On Oct 27, 2008, at 6:10 PM, Grant Ingersoll wrote:
Warning: shameless plug: Tom Morton and I have a chapter on NER and
OpenNLP (and Solr, for that matter) in our book "Taming
Text" (Manning) and the code will be open once we have a place to
put it (hopefully soon). In fact, you'll see us doing a lot of this
kind of stuff w/ Solr and it should all be coming back to Solr/
Lucene/Mahout at some point (for instance, see https://issues.apache.org/jira/browse/SOLR-769
, as I'm sure FAST told you they can do clustering, too!)
--end shameless plug ---
thats great!
I just got the MEAP copy, it looks really good
http://www.manning.com/ingersoll/
As for Mahout, NER is a classification problem, and there are some
tools in Mahout to do classification, but nothing specifically
targeted at NER at the moment.

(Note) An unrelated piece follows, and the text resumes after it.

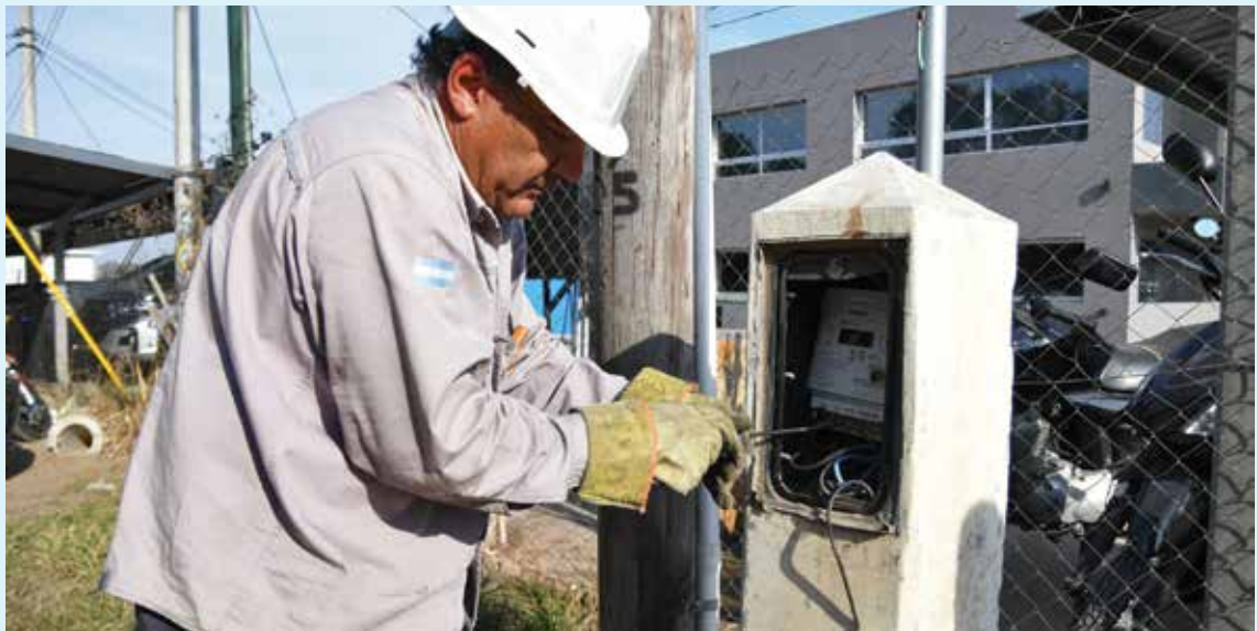
Operario de Epec en la conexión de los primeros medidores bidireccionales a empresas.

Se trata de industrias que podrán generar electricidad a través de fuentes renovables.

Mahout, like Nutch, also takes
advantage of Hadoop for scaling. The combination of Mahout in Solr
makes a lot of sense, IMO.
Perhaps this is more appropriate to ask on the mahout list, but...
when you say "Mahout, like Nutch, also takes advantage of Hadoop for
scaling", does that mean that much of Mahout requires hadoop? Is it
possible to do smaller scale problems on a simple setup and only
invoke hadoop when required?
ryan